Step 1: Understanding the Concept:
Alcohols react with Grignard reagents (\( \text{RMgX} \)) to liberate an alkane. This is the Zerewitinoff determination method. One mole of an alcohol with one active hydrogen atom (\( -\text{OH} \)) liberates one mole of methane from methyl magnesium bromide.
: Key Formula or Approach:
1. \( \text{Moles of methane} = \frac{\text{Volume at STP (mL)}}{22400 \text{ mL}} \)
2. \( \text{Molar Mass of Alcohol} = \frac{\text{Mass of sample (g)}}{\text{Moles}} \)
Step 2: Detailed Explanation:
Reaction: \( \text{R-OH} + \text{CH}_{3}\text{MgBr} \longrightarrow \text{CH}_{4}\text{(g)} + \text{Mg(OR)Br} \)
1. Calculate moles of Methane:
\[ \text{Moles of } \text{CH}_{4} = \frac{1.56 \text{ mL}}{22400 \text{ mL/mol}} \approx 6.964 \times 10^{-5} \text{ mol} \]
2. Determine moles of Alcohol:
Since the ratio is 1:1, moles of alcohol \( = 6.964 \times 10^{-5} \text{ mol} \).
3. Calculate Molar Mass of Alcohol:
Mass \( = 4.12 \text{ mg} = 0.00412 \text{ g} \).
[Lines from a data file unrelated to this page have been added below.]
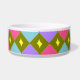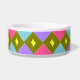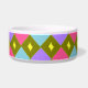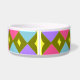 This awesome pet bowl has an abstract pattern with rows of pink blue and purple diamonds on it. Each row is separated by a row of dark green diamonds. Each of the dark green diamonds has a hole in the middle of it. Heres the fun bit, you can fill in that hole with a choice of over 200 colours to make a unique design. Here the holes have been filled with a beautiful yellow colour as an example. To select your colour and see the effect it has on the design simply click on the “customise it” button, go to the colours section and click on background then pick whichever colour you would like to put into the design. You can try as many colours as you like until you find the one that works for you.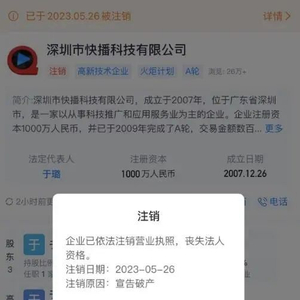 据天眼查App最新的数据显示:深圳市快播科技有限公司于2023年5月26日发生了工商变更,企业的经营状态为注销,注销原因是扎心的四个大字:宣告破产。承载了80后90后们的青春印记和网吧情怀的快播,时代巨头轰然倒塌。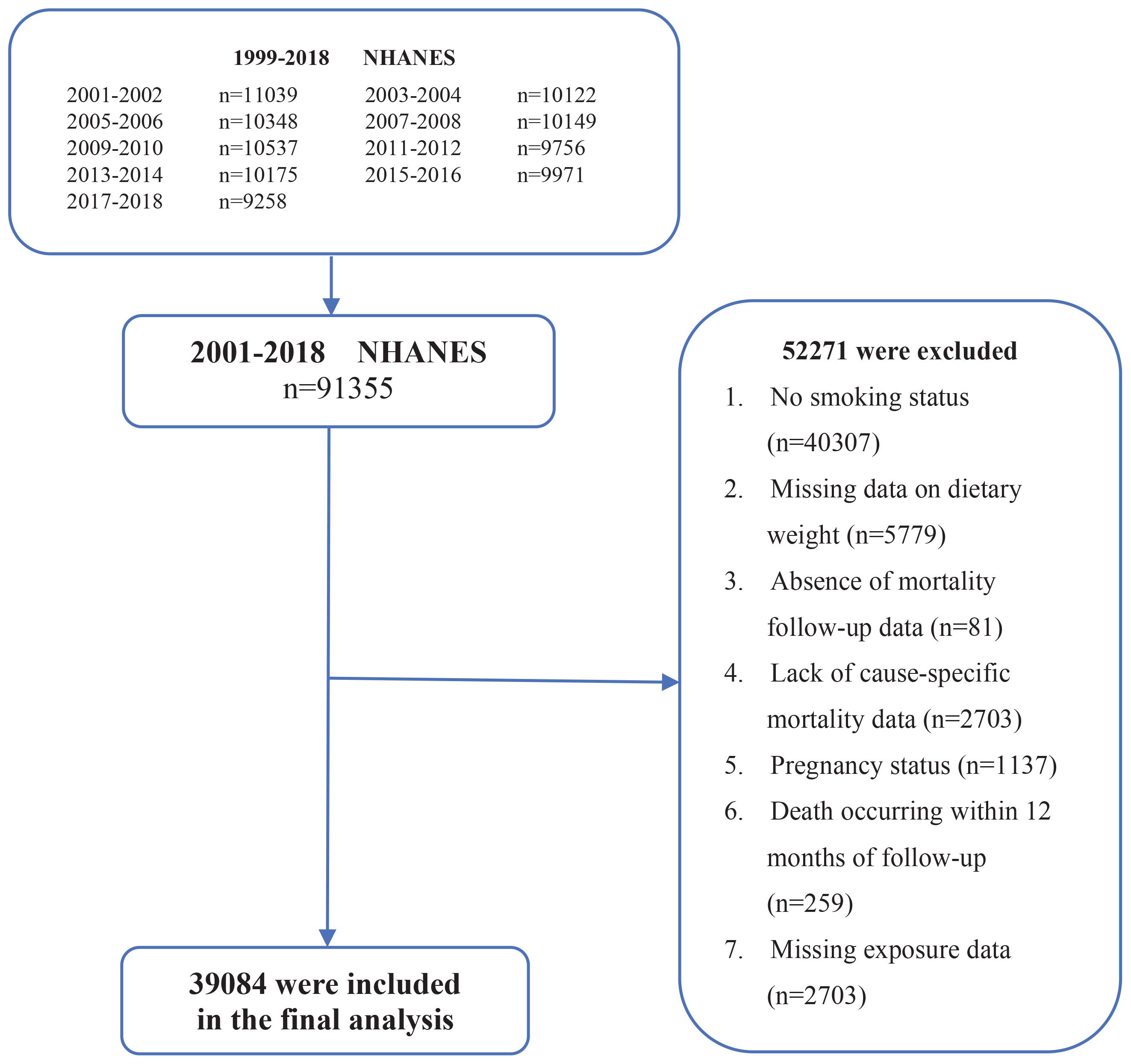 This study is a retrospective analysis of secondary data from the cross-sectional National Health and Nutrition Examination Survey (NHANES), which is administered by the National Center for Health Statistics (NCHS). NHANES employs a sophisticated multistage sampling design to obtain nationally representative samples of the US population using stratification and probability sampling methods. This database primarily serves to evaluate both health parameters and nutritional metrics across the US population thereby encompassing all age demographics11. The NCHS authorized all research procedures, and written informed consent was secured from every enrolled individual. Consequently, this investigation strictly complied with established ethical standards thus eliminating the necessity for supplementary ethics evaluations. From an initial pooled sample of 91355 individuals, we excluded 52271 participants for the following reasons: no smoking status (n=40307), missing dietary weights (n=5779), absent mortality follow-up (n=81) or cause-specific mortality data (n=2703), pregnancy (n=1137), death within 12 months of follow-up (n=259), and missing exposure data (n=2703). Consequently, 39084 participants were included in the final analysis.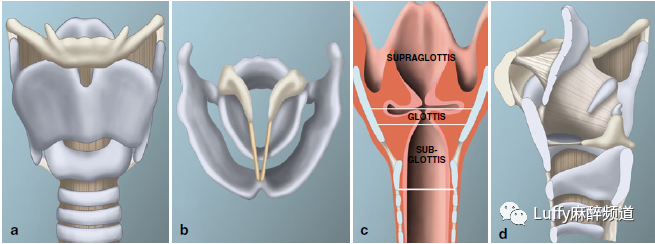 3.在成年人中,这一比例下降到20%,颧骨间距在新生儿约占声门下内径的60%,在成人约占该直径的70%以上,在新生儿约占声门下内径的60%,在成人约占该直径的70%以上。4.婴儿楔状软骨比成人大;楔状软骨与杓状软骨没有直接联系。婴儿环状软骨的头侧半部呈V形,·在其下方变为圆形(图2.5b和c)。婴儿喉部的软骨比成人的更柔软、更柔韧。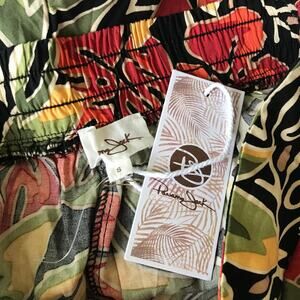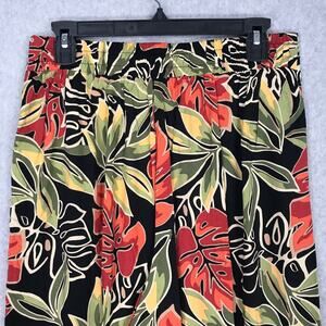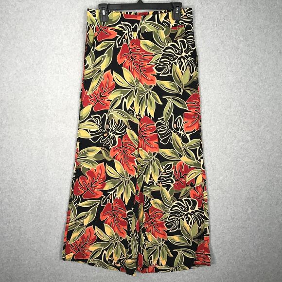 Panama Jack Pants Womens Small Floral Wide Leg Crop Aloha Coconut Flowy Tropical Hawaiian Red Green Pocket Beach Vacation Resort Peasant Pocket Elastic Waist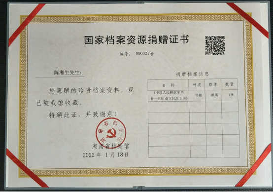 2022年1月18日浙江省杭州市陈湘生先生向省档案馆捐赠了《中国人民解放军第廿一兵团成立纪念专刊》1册(证书编号000021)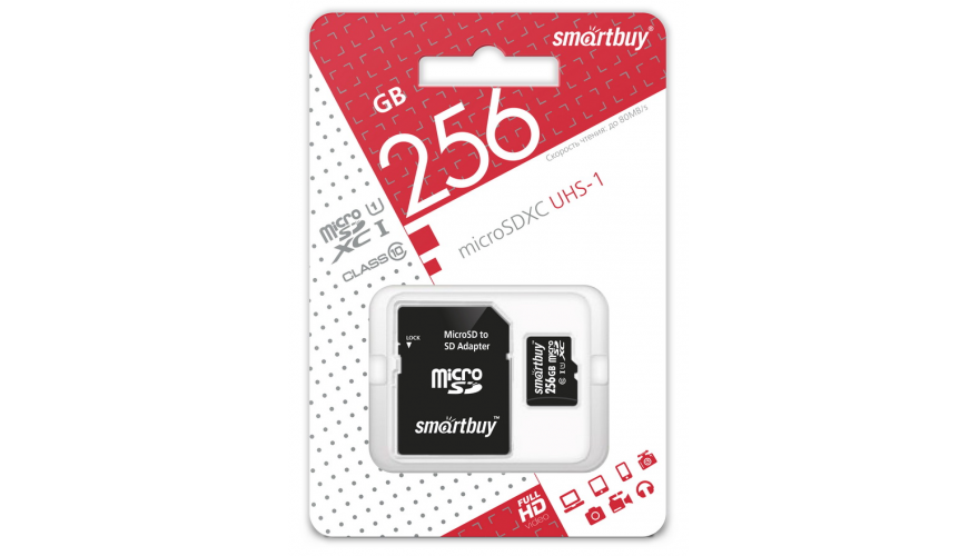 256GB microSDXC Class10 SMARTBUY – карта памяти типа microSDXC объемом 256 ГБ. Скорость записи данных может достигать 10 МБ/с (скорость чтения - 80 МБ/с). Благодаря 10 классу скорости карта памяти быстро и корректно работает при высоких нагрузках со всеми устройствами. Накопитель отлично подойдет как для смартфонов, так и для автомобильных видеорегистраторов. Дополнительно в комплект входит SD-адаптер.

\[ \text{Molar Mass} = \frac{0.00412 \text{ g}}{6.964 \times 10^{-5} \text{ mol}} \approx 59.16 \text{ g/mol} \]
4. Identify the Alcohol:
- \( \text{CH}_{3}\text{OH} \): 32 g/mol
- \( \text{C}_{2}\text{H}_{5}\text{OH} \): 46 g/mol
- \( \text{C}_{3}\text{H}_{7}\text{OH} \): \( (3 \times 12) + (7 \times 1) + 17 = 60 \text{ g/mol} \).
- \( \text{C}_{4}\text{H}_{9}\text{OH} \): 74 g/mol
The calculated molar mass (59.16) is closest to 60 g/mol, which corresponds to Propanol.
Step 3: Final Answer:
The unknown alcohol is \( \text{C}_{3}\text{H}_{7}\text{OH} \).